Dataset content »
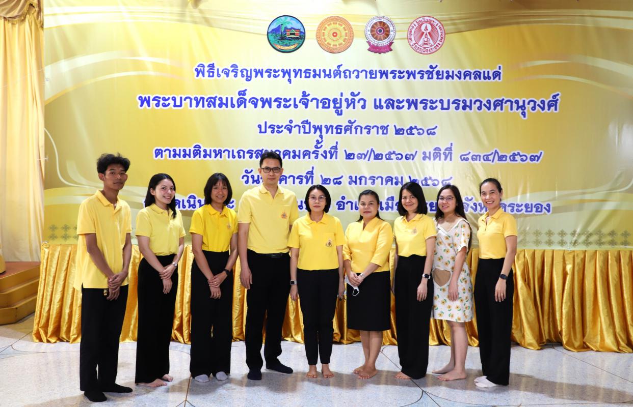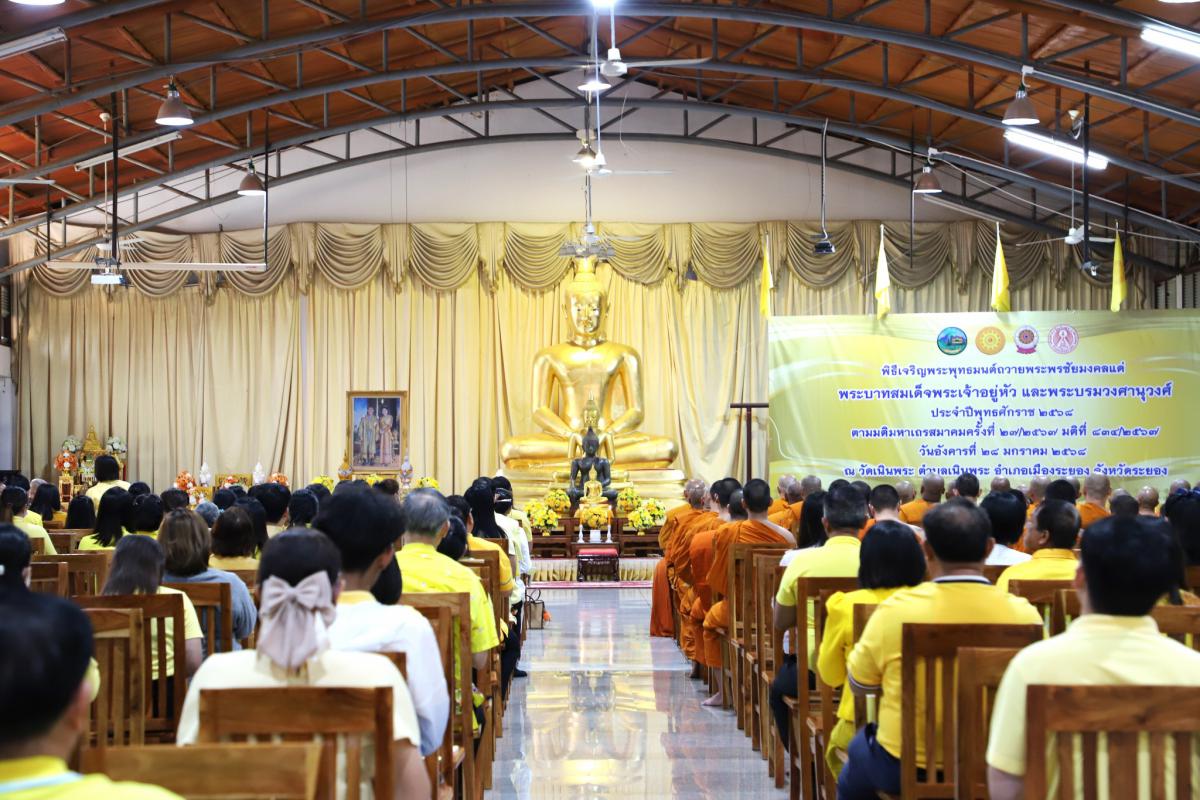 วันที่ 28 มกราคม 2568 เวลา 16.00 น. นางลัดดาวัลย์ ชาไธสง ผู้อำนวยการสำนักยุทธศาสตร์และงบประมาณ พร้อมด้วย ข้าราชการสังกัดอบจ.ระยอง เข้าร่วมพิธีเจริญพระพุทธมนต์ ถวายพระพรชัยมงคลแด่พระบาทสมเด็จพระเจ้าอยู่หัว และพระบรมวงศานุวงศ์ ประจำปีพุทธศักราช 2568 โดยมี นายกัฬชัย เทพวรชัย รองผู้ว่าราชการจังหวัดระยอง เป็นประธานในพิธีจุดธูป เทียน บูชาพระรัตนตรัย เปิดกรวยกระทงดอกไม้เบื้องหน้าพระรูป พระบาทสมเด็จพระเจ้าอยู่หัว และพระบรมวงศานุวงศ์ พร้อมทั้งร่วมพิธีเจริญจิตภาวนาถวายพระพรชัยมงคลฯ เพื่อเป็นการส่งเสริมให้พสกนิกรทุกหมู่เหล่าร่วมกันทำความดี ถวายพระราชกุศล และเป็นการแสดงถึงความจงรักภักดีต่อสถาบันพระมหากษัตริย์ ณ ศาลาการเปรียญวัดเนินพระ ตำบลเนินพระ อำเภอเมืองระยอง จังหวัดระยอง
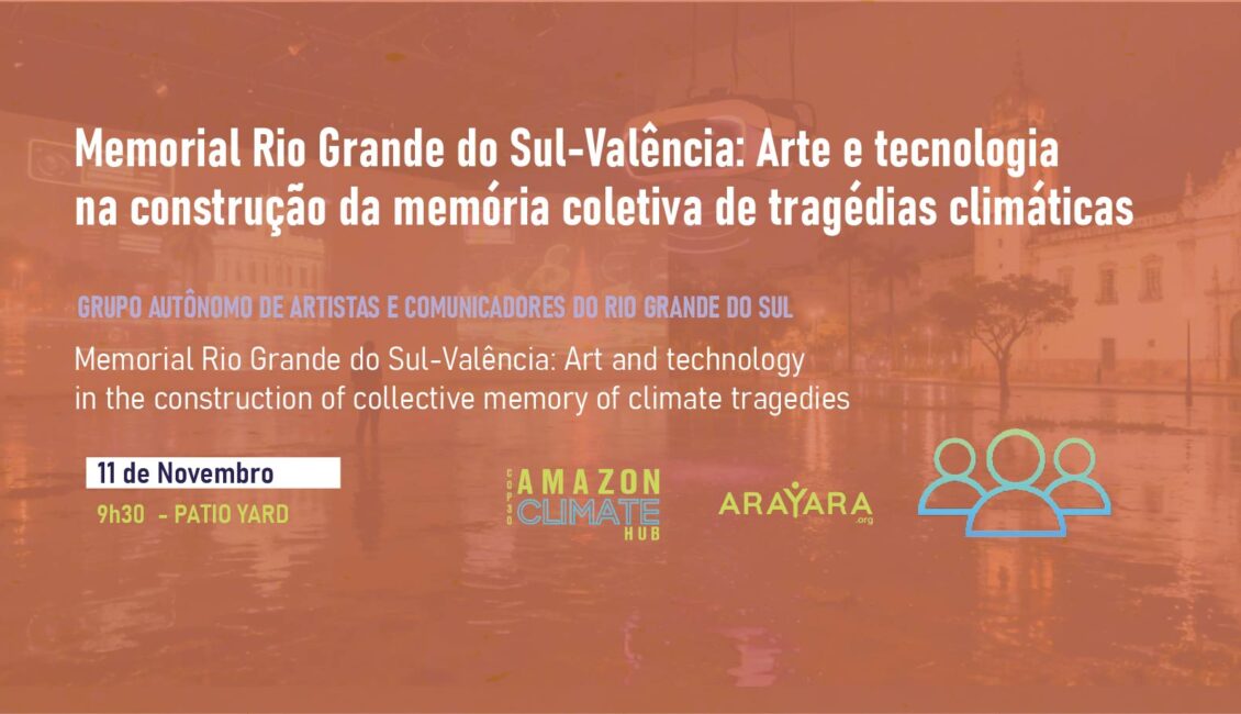 Em maio de 2024, o Rio Grande do Sul viveu sua maior tragédia climática: chuvas afetaram 478 dos 497 municípios, impactando 2,4 milhões de pessoas e deixando cidades, como Porto Alegre, submersas. Do outro lado do Atlântico, em outubro, Valência sofreu chuvas extremas em poucas horas, resultando em cerca de 230 mortes, a maior catástrofe contemporânea da Espanha. Desde então, profissionais de comunicação, artes e tecnologia criativa produziram obras para expressar vivências, preservar a memória coletiva e dar visibilidade à crise climática e aos que ainda precisam de apoio para se recuperar. Esses acontecimentos, conectados, mostram que esses fatos não são isolados, mas um problema global que exige resposta imediata. Nossa proposta apresenta um memorial artístico e tecnológico, conectando RS e Valência, com fotografias, vídeos, projeção mapeada, relatos e experiências em realidade virtual, sensibilizando sobre os impactos da crise climática e a importância da memória para prevenir futuras tragédias.
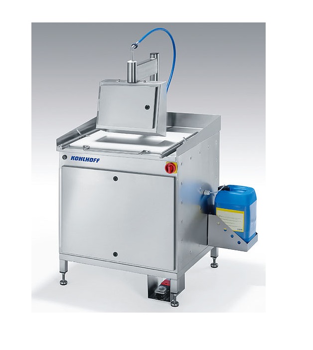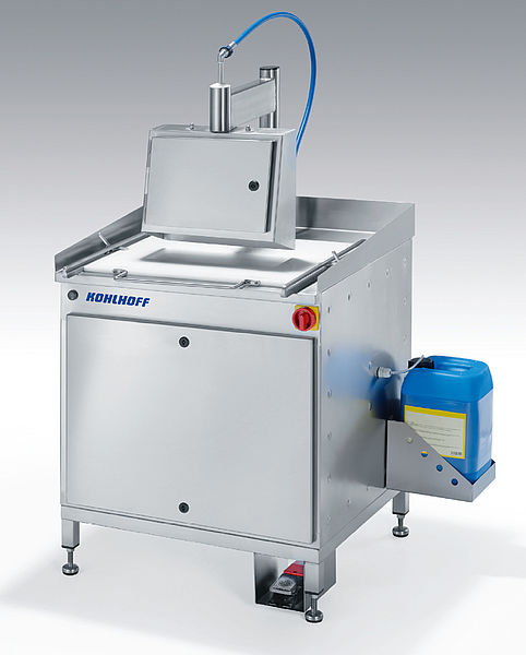 Apron Cleaning Machine has a high pressure water spray is activated using a foot valve, and is automatically supplemented with a cleaning agent or disinfectant.
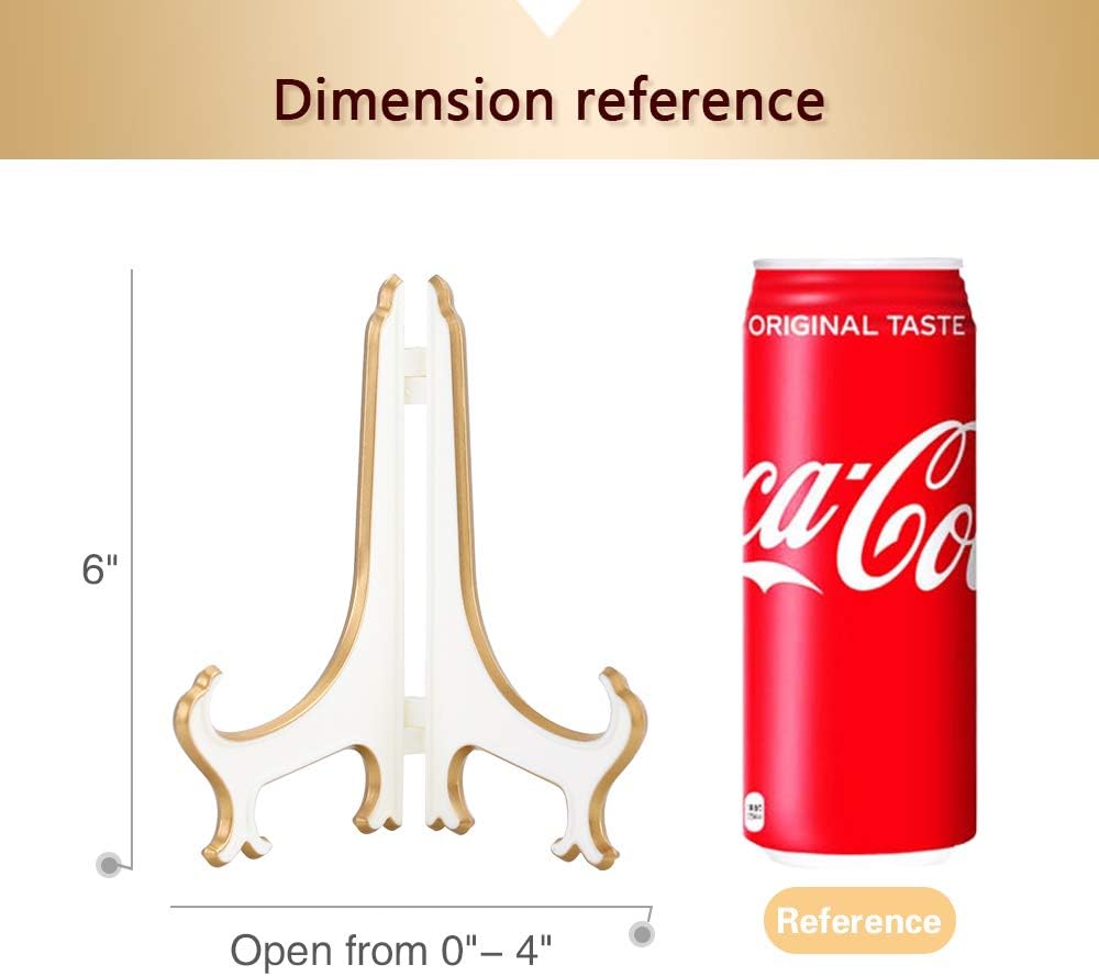 Artliving 6" Decorative Plate Stand Holder Plastic Picture Easel Display Stand Picture Frame Stand White Gold (2 Pack)
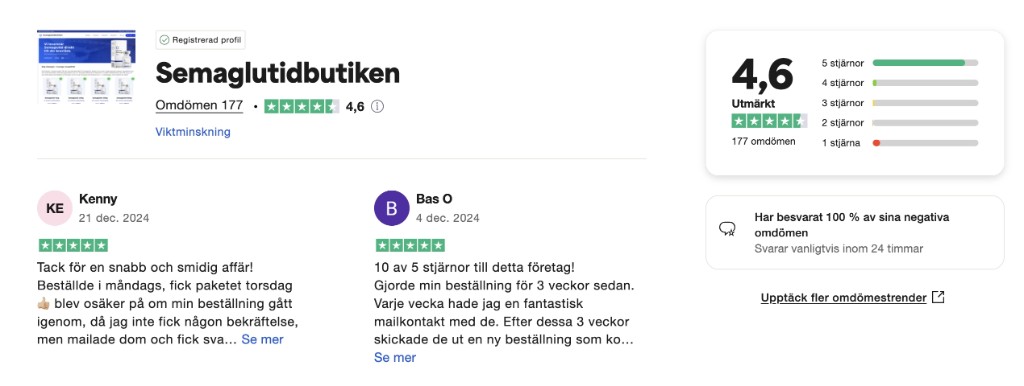 Under två års tid har Semaglutidbutiken funnits på Trustpilot där vi var rankade som 3:e bästa viktminskning företaget i Sverige med toppbetyg.

Required work »
From the line with "Em maio de 2024, o" to the final line of the entries above, reproduce each line exactly and nothing else; the pictures stay out.

Answer space »
 Em maio de 2024, o Rio Grande do Sul viveu sua maior tragédia climática: chuvas afetaram 478 dos 497 municípios, impactando 2,4 milhões de pessoas e deixando cidades, como Porto Alegre, submersas. Do outro lado do Atlântico, em outubro, Valência sofreu chuvas extremas em poucas horas, resultando em cerca de 230 mortes, a maior catástrofe contemporânea da Espanha. Desde então, profissionais de comunicação, artes e tecnologia criativa produziram obras para expressar vivências, preservar a memória coletiva e dar visibilidade à crise climática e aos que ainda precisam de apoio para se recuperar. Esses acontecimentos, conectados, mostram que esses fatos não são isolados, mas um problema global que exige resposta imediata. Nossa proposta apresenta um memorial artístico e tecnológico, conectando RS e Valência, com fotografias, vídeos, projeção mapeada, relatos e experiências em realidade virtual, sensibilizando sobre os impactos da crise climática e a importância da memória para prevenir futuras tragédias.
 Apron Cleaning Machine has a high pressure water spray is activated using a foot valve, and is automatically supplemented with a cleaning agent or disinfectant.
 Artliving 6" Decorative Plate Stand Holder Plastic Picture Easel Display Stand Picture Frame Stand White Gold (2 Pack)
 Under två års tid har Semaglutidbutiken funnits på Trustpilot där vi var rankade som 3:e bästa viktminskning företaget i Sverige med toppbetyg.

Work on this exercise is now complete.